What do Dreams Mean?

Medically Reviewed by Dan Brennan, MD on September 17, 2021
3 min read

Dreams have long been speculated over and studied. In Ancient Greece, Hippocrates hypothesized that dreams are a sign of illness, while Sigmund Freud believed dreams are methods to avoid emotional stress. Carl Jung viewed dreams as a way to problem-solve through archetypal conflicts. Alfred Adler later expanded upon Jung’s theory, believing that dreams were a way of playing out inferiority complexes. In the modern era, we are still trying to understand dreams scientifically, spiritually, and emotionally.

Technically, dreams are an involuntary series of sensations, emotions, ideas, and images that mainly occur during the rapid eye movement (REM) stage of sleep. REM sleep is a high brain activity stage of sleeping, shown to have movement that is most similar to actually being awake.

REM is differentiated from other stages in the sleep cycle by constant eye movements. While you can dream during other times of sleep, these dreams are often less impactful or memorable.

Dreams can last for a few seconds or up to 30 minutes. People who can remember their dreams have woken up during their REM stage of sleep. Usually, you will have between five and seven dreams per night and dreams seem to get longer the more you sleep. Typically, during a whole 8-hour night of sleep, you will experience around 2 hours of dreams.

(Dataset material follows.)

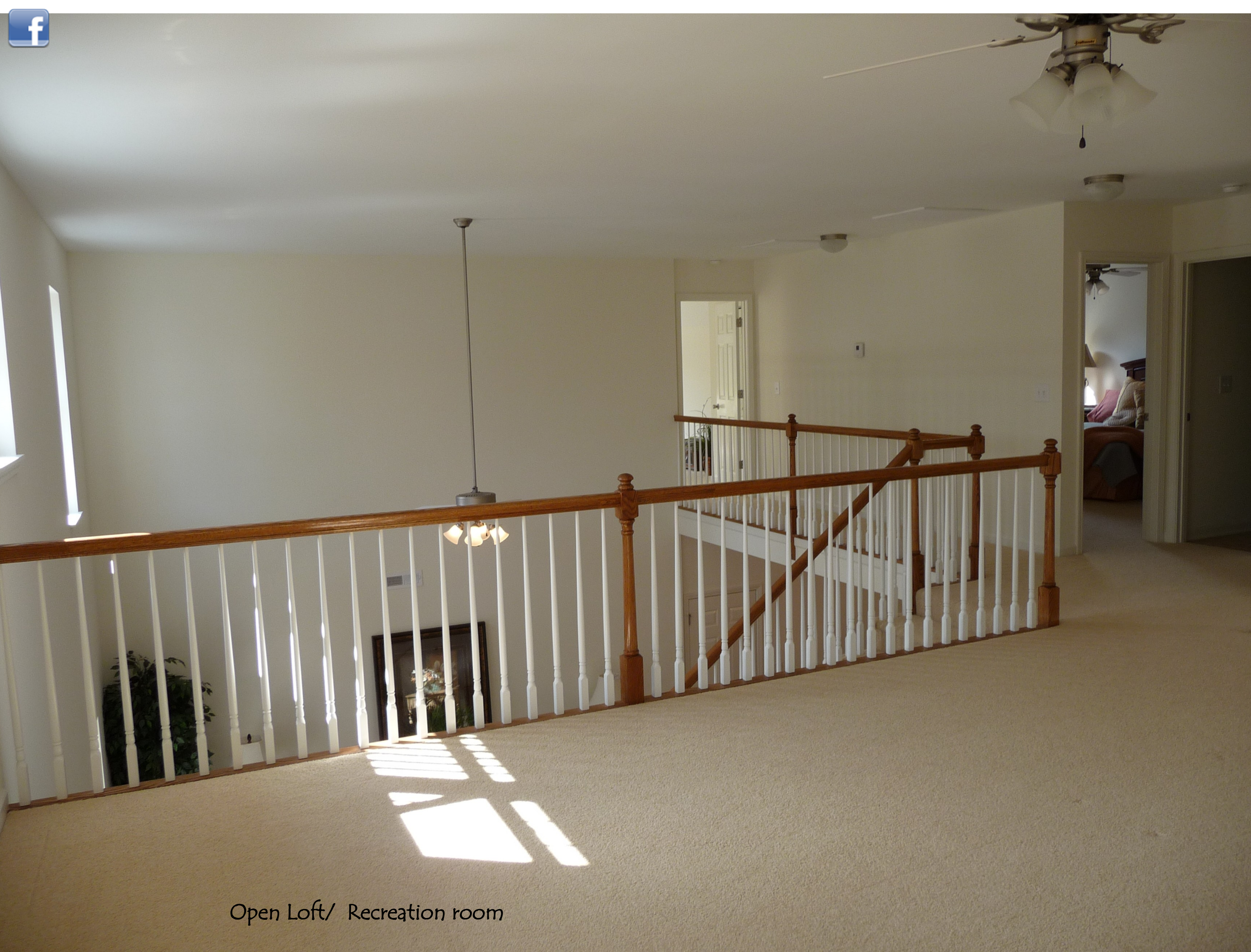
Open Loft/ Recreation room

Whether dreams have meaning is a difficult question to answer because there is no way to answer objectively. Meaning is not a scientific thing. Even extremely revered leaders in the field of psychiatry, such as Freud and Jung, have theories that are not technically substantiated.

Some other theories about what dreams mean include:

  • Activation-synthesis theory. A group of Harvard University psychiatrists posit that dreams occur in the brainstem and are prompted by new information.
  • Threat-simulation theory. Created by a Finnish cognitive neuroscientist and psychologist, this theory states that dreaming is a way to prepare for real-life situations that you're worried about.
  • Biological response to life. One study claims that dreams are an evolutionary response, especially when people have negative dreams, particularly those involving violence or enemies. It's a way for the dreamer to understand and move past these antagonistic relationships.
  • A way to wrap your head around new information and memories. Another study proposes that dreaming is just a way that your brain organizes knowledge, forms connections, and helps with memory. In addition, it suggests that dreaming helps with problem solving, decision making, and prioritizing.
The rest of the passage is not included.